==== MATERIAL FOR THE TASK ====
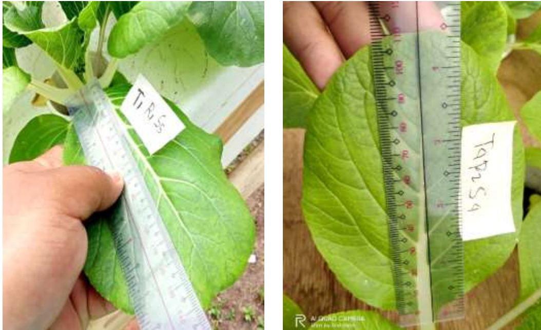
15 Days after Transplanting Width of Leaves

The result of a study showed a significant effect on the width at 30 days after transplanting while there was no significant effect at 15 days after transplanting using vermitea and nutrient solution under a non-circulating hydroponic system.
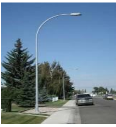
Standard galvanized street light

If you are a property owner in the community and have not yet completed an Expression of Interest form, please submit the form by November 20.
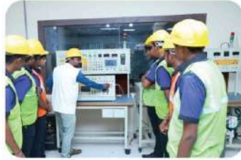
Industrial Electrician (Oil & Gas)
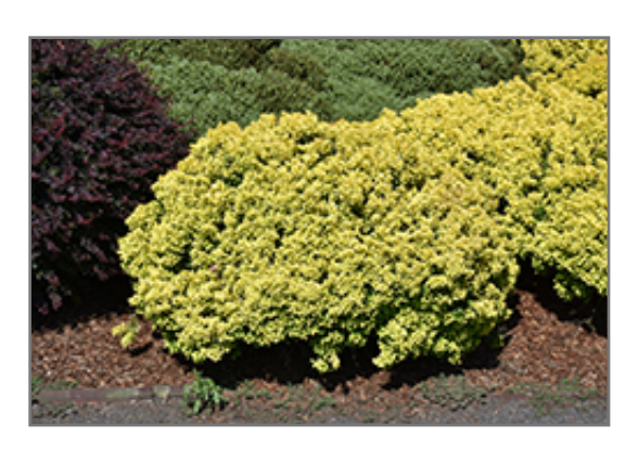
Golden Nugget Japanese Barberry

Golden Nugget Japanese Barberry is recommended for the following landscape applications;
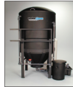
■ CL-30 Pre-Treatment Solids Separator
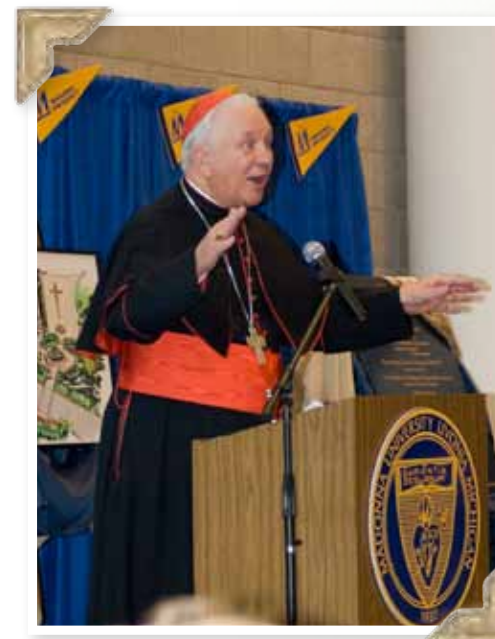
▲ Cardinal Adam Maida shares his enthusiasm for the new building and for all of the good work taking place at Madonna.
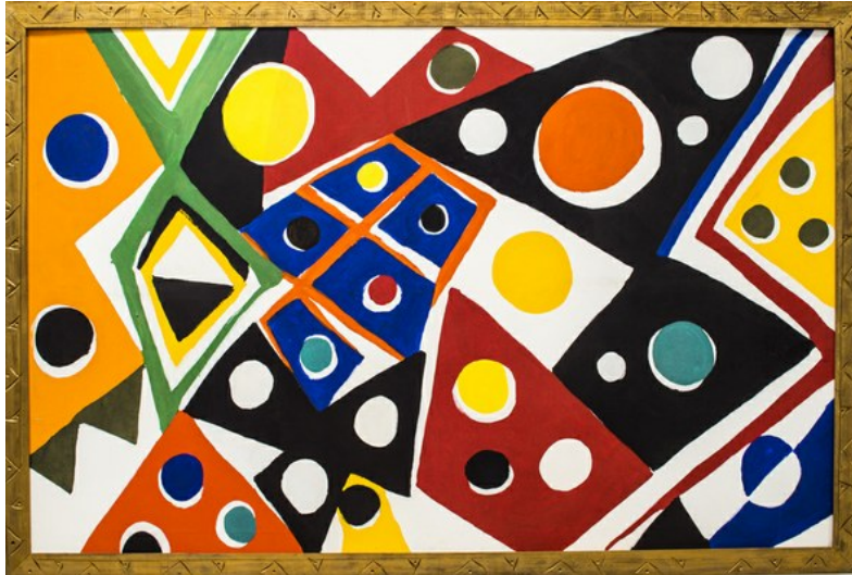
Kim MacConnel, "Timboctu," 1987 Cotton flocking and acrylic on canvas, 66 ½" x 103"

To inaugurate her light-filled, high-ceilinged space, Felsen shows the 1980's paintings of Encinitas-based painter Kim MacConnel. MacConnel is associated with a number of painters in a loose knit movement called Pattern and Decoration. Reacting against the reductive and decidedly masculine realm of Minimal and Conceptual art of the 1970's, these artists, male and female, turned to applied and outsider art, feminine and tribal sources for their inspiration.
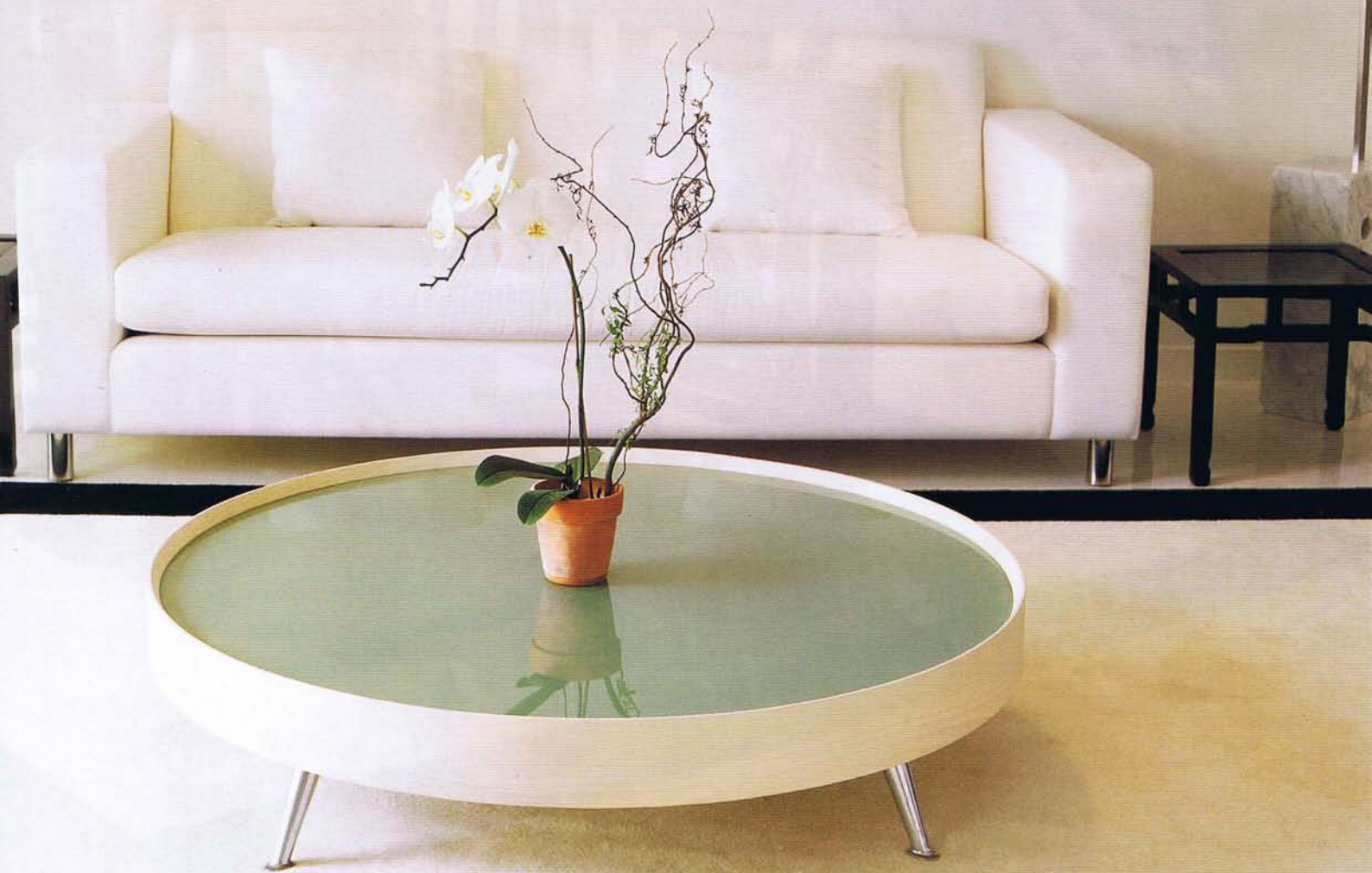
The semi-translucent table gives a touch of fluidity to the scheme. The Italian chrome lamp was designed by William Artists. 半透明桌子增添流麗感。意大利鍍鉻燈飾由William Artists設計。
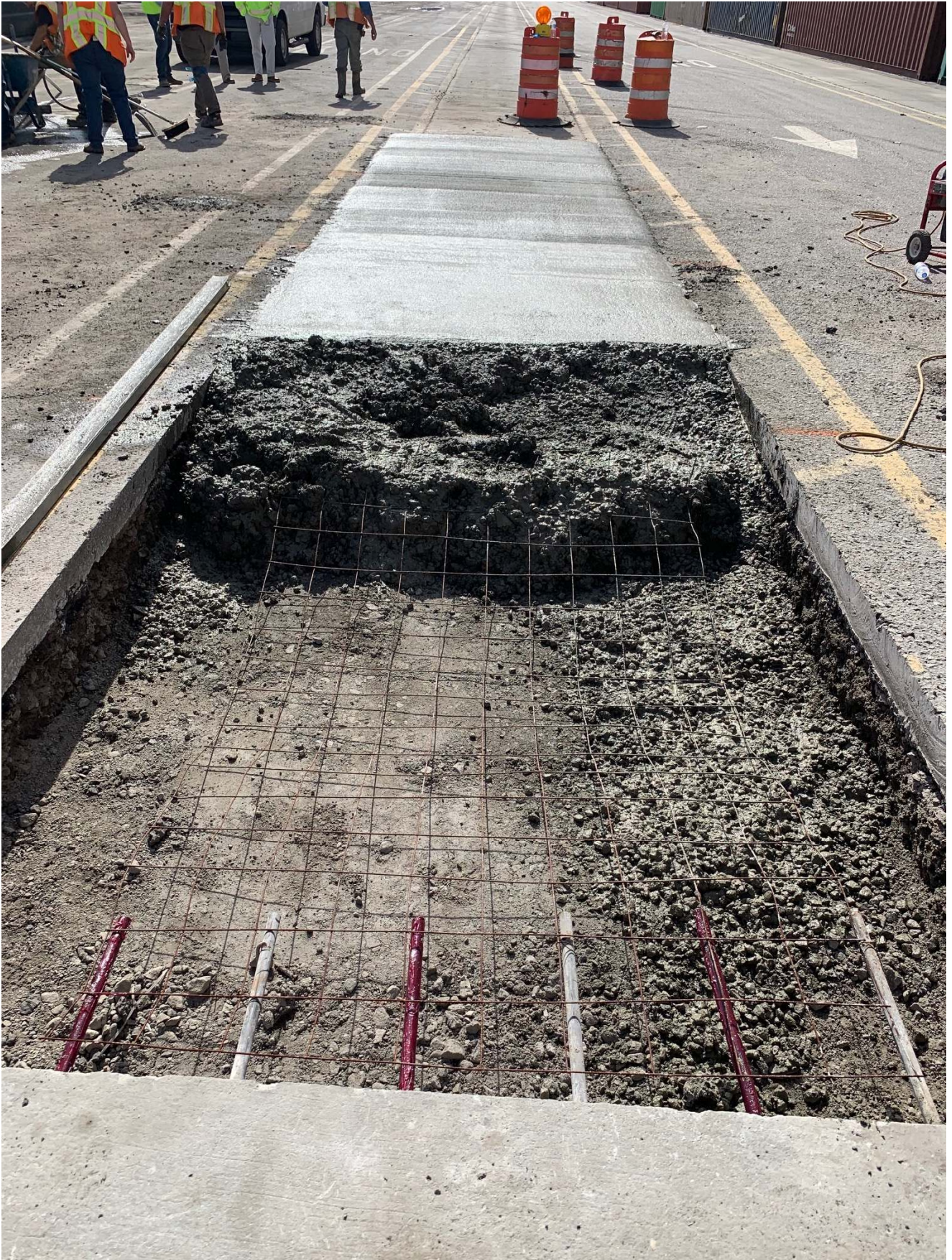
Figure 1. EdenCrete®- enriched concrete being poured at Garden City Terminal, Port of Savannah
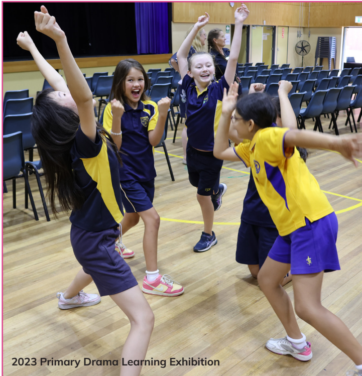
2023 Primary Drama Learning Exhibition

Please note: For each event to run a minimum number of schools/students will need to register.
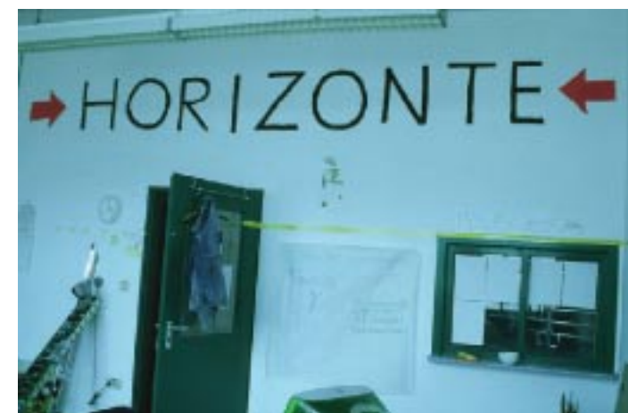
Anlagenstillstand (Plant Stand Still) Artist Curator/ Installation & Workshop, Erlangen, City Center, Germany 2002.
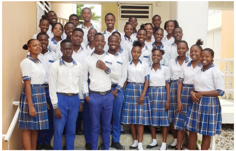
First 13th grade class!

This is the first time we are having a 13th grade class to take the Haitian national exams. The exams took place from July 1 to July 6. The students are all confident that they will be successful.
====
In the listing above, find the line with "Industrial Electrician (Oil & Gas)" and the line with "Pre-Treatment Solids Separator". Copy both of them and every line between, exactly, but not the pictures.

Industrial Electrician (Oil & Gas)
Golden Nugget Japanese Barberry

Golden Nugget Japanese Barberry is recommended for the following landscape applications;
■ CL-30 Pre-Treatment Solids Separator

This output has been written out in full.